Yuli salah satu dari oknum pelajar yang terjun ke bisnis prostitusi ini. Perkenalan koran ini dengan Yuli melalui aplikasi chating terbaru di Android. Yuli memasang beberapa fotonya di fitur ini. Foto-fotonya tidak menggunakan seragam sekolah. Dia mengaku duduk di bangku kelas XI sebuah SMK di Kota Mataram.
Pada pembicaraan awal melalui chating, tidak mudah mengetahui Yuli terjun ke bisnis prostitusi ini. Melalui pembicaraan intensif, Yuli mulai terbuka. Dia tidak sungkan mengajak bertemu. ‘’Ketemuannya di tempat karaoke saja,’’ katanya.
Pada pertemuan itu, Yuli dengan gamblang menyebut bisa diajak kencan di hotel. Dia mematok tarif Rp 400 ribu untuk sekali kencan dengan durasi waktu 1 sampai 2 jam. ‘’Saya bisa di atas jam 3 sore. Sebelum Magrib, saya sudah harus di rumah,’’ ceritanya.
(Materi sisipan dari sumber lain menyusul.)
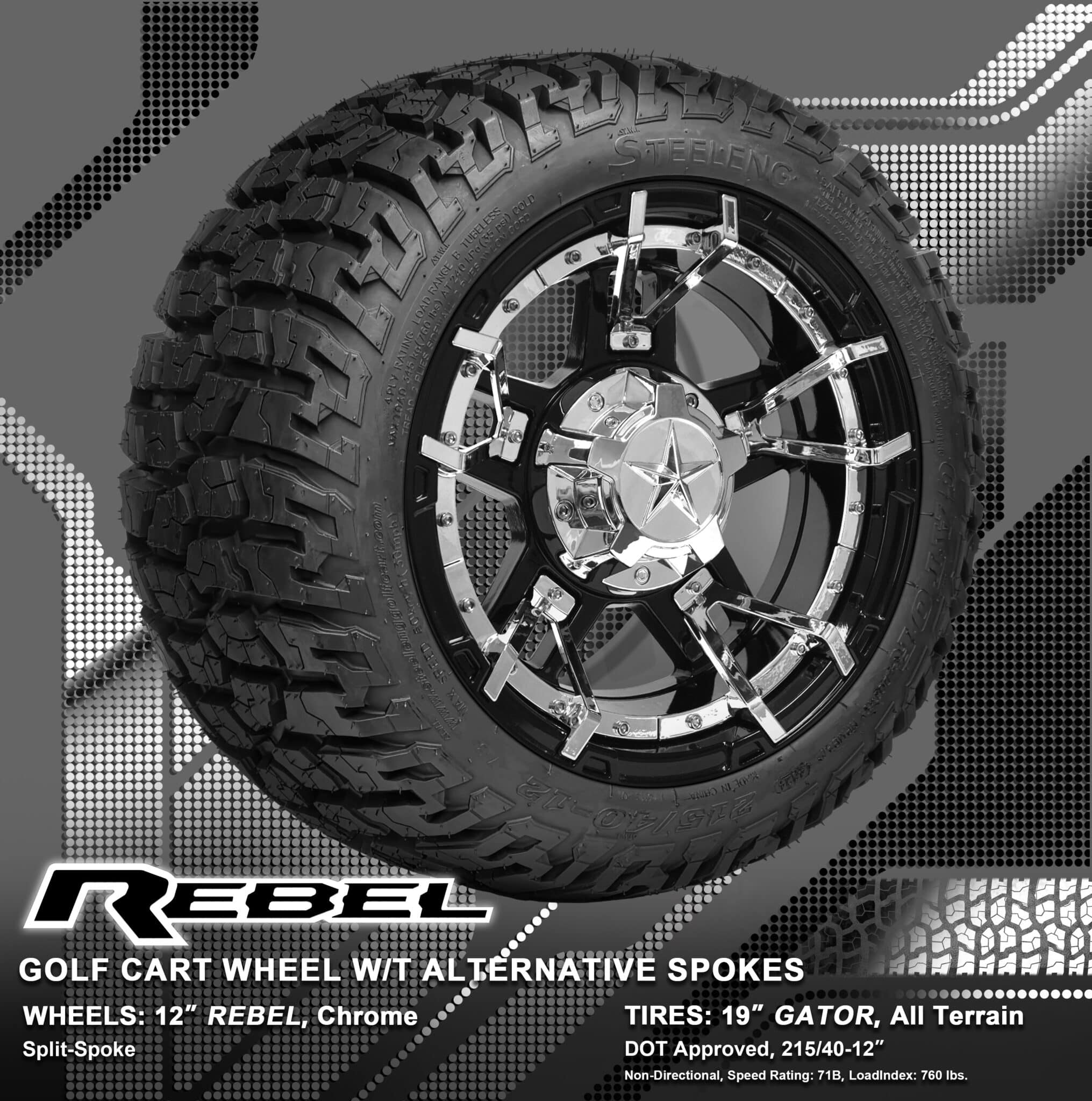 BNDL-TR1210-WH1251-WIRB28-LN0002 – SGC 12″ REBEL Glossy Black Wheel – Aluminum Alloy / STEELENG 215/40-12 GATOR Hybrid Low Profile / All Terrain Tire DOT Approved / REBEL Inserts-Split Spoke-Chrome

Praktik prostitusi ini tidak hanya dilakoni Yuli. Lembaga Perlindungan Anak (LPA) NTB menyebut, hampir sebagian besar sekolah di SMA sederajat di Kota Mataram, ada saja oknum pelajarnya yang nyambi jadi cewek panggilan.
Fenomena prostitusi di kalangan pelajar ini seperti gunung es karena jumlahnya sangat banyak. Yang muncul ke permukaan akibat terjaring petugas, hanya sebagian kecil.
Persoalan jaringan prostitusi di kalangan pelajar tidak lagi hanya berpusat di Kota Mataram melainkan juga sudah merambah hingga di tingkat kecamatan dan pedesaan di kabupaten/kota di ProvinsiNTB.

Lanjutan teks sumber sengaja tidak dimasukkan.